Copy the data exactly. Images are to be left out.

**EXERCISE DATA**
*** Begin section ***

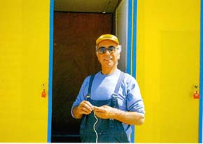 stojący między dwoma skrzydłami jaskrawo żółtych drzwi
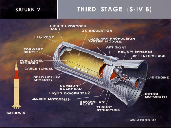 В центре указанной ступени располагается огромный бак, в верхней части, согласно версии НАСА, заливается жидкий водород, в нижней части, за сомнительной перегородкой, заливается жидкий кислород. Сказочники НАСА добавляют к этому «празднику» американской технологии указание на наличии рядом с поверхностью обшивки 2 ступени ракеты «Сатурн-1Б» контейнеров с жидким гелием. Для справки температура жидкого гелия составляет -268,9 градусов Цельсия.
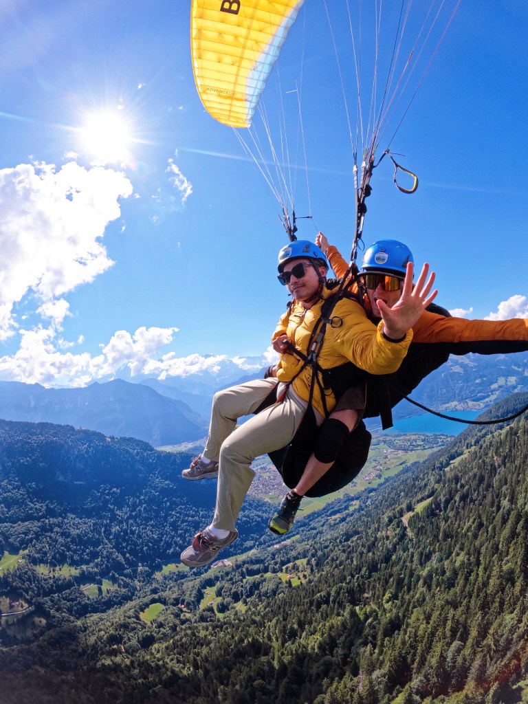 Sau khi chạy 25 bước lấy đà và gió thổi mạnh thật mạnh để đưa mình và anh phi công Anders, người Na Uy, lên cao, mọi cảm giác sợ hãi trước đó biến mất và chỉ còn biết há hốc mồm trước khung cảnh kỳ vĩ của Interlaken.
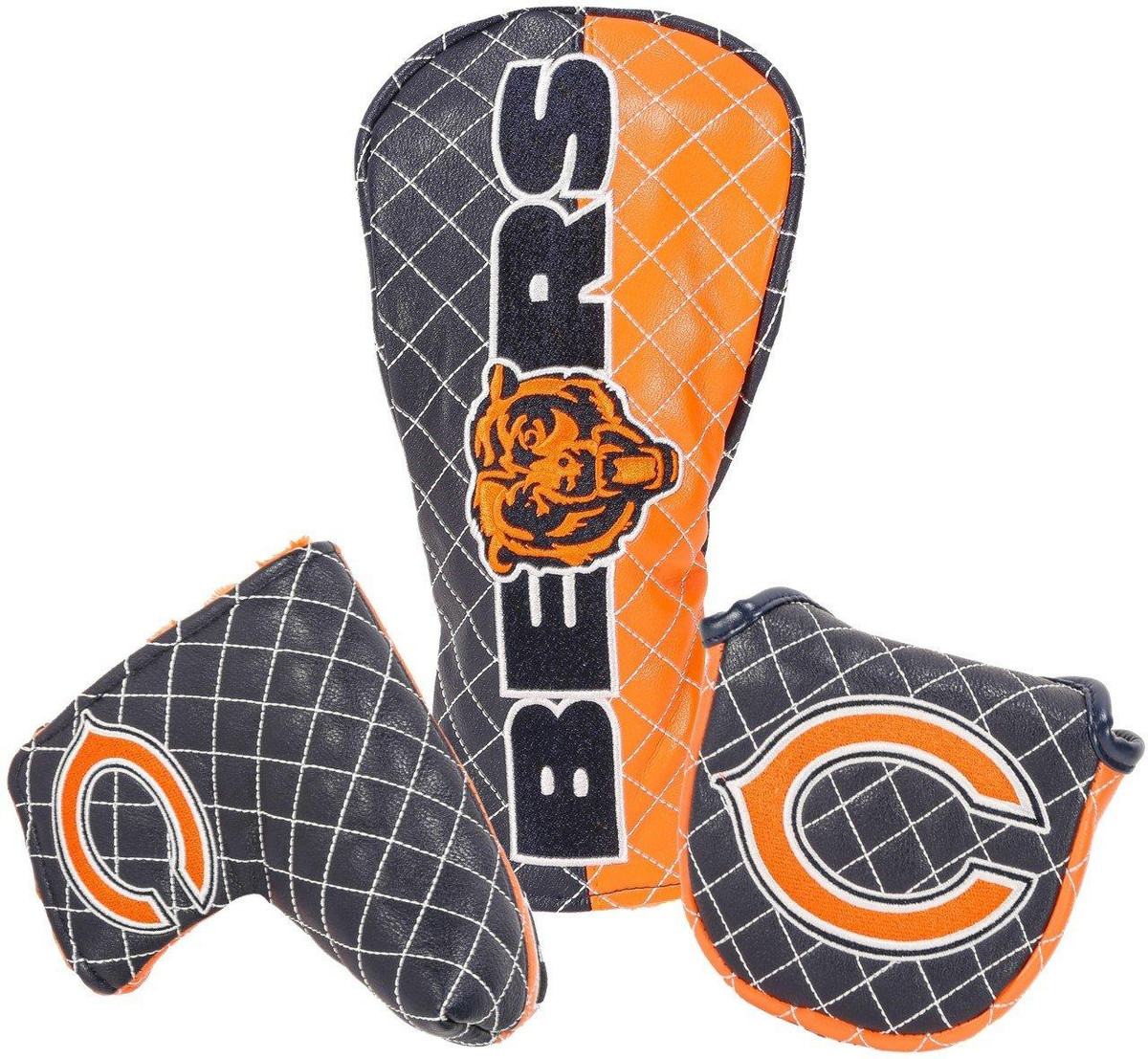 Rep your team with a custom Chicago Bears Headcover from our highly sought-after NFL Golf Collection. Our Golf Headcovers are uniquely designed in-house from CMC Designs. Add a touch of personality and enhance your golf game in style. Our headcovers are meticulously crafted using top-quality faux leather with a plush inner lining to protect your investment.

*** End section ***

**SOLUTION TO THIS EXERCISE**
 stojący między dwoma skrzydłami jaskrawo żółtych drzwi
 В центре указанной ступени располагается огромный бак, в верхней части, согласно версии НАСА, заливается жидкий водород, в нижней части, за сомнительной перегородкой, заливается жидкий кислород. Сказочники НАСА добавляют к этому «празднику» американской технологии указание на наличии рядом с поверхностью обшивки 2 ступени ракеты «Сатурн-1Б» контейнеров с жидким гелием. Для справки температура жидкого гелия составляет -268,9 градусов Цельсия.
 Sau khi chạy 25 bước lấy đà và gió thổi mạnh thật mạnh để đưa mình và anh phi công Anders, người Na Uy, lên cao, mọi cảm giác sợ hãi trước đó biến mất và chỉ còn biết há hốc mồm trước khung cảnh kỳ vĩ của Interlaken.
 Rep your team with a custom Chicago Bears Headcover from our highly sought-after NFL Golf Collection. Our Golf Headcovers are uniquely designed in-house from CMC Designs. Add a touch of personality and enhance your golf game in style. Our headcovers are meticulously crafted using top-quality faux leather with a plush inner lining to protect your investment.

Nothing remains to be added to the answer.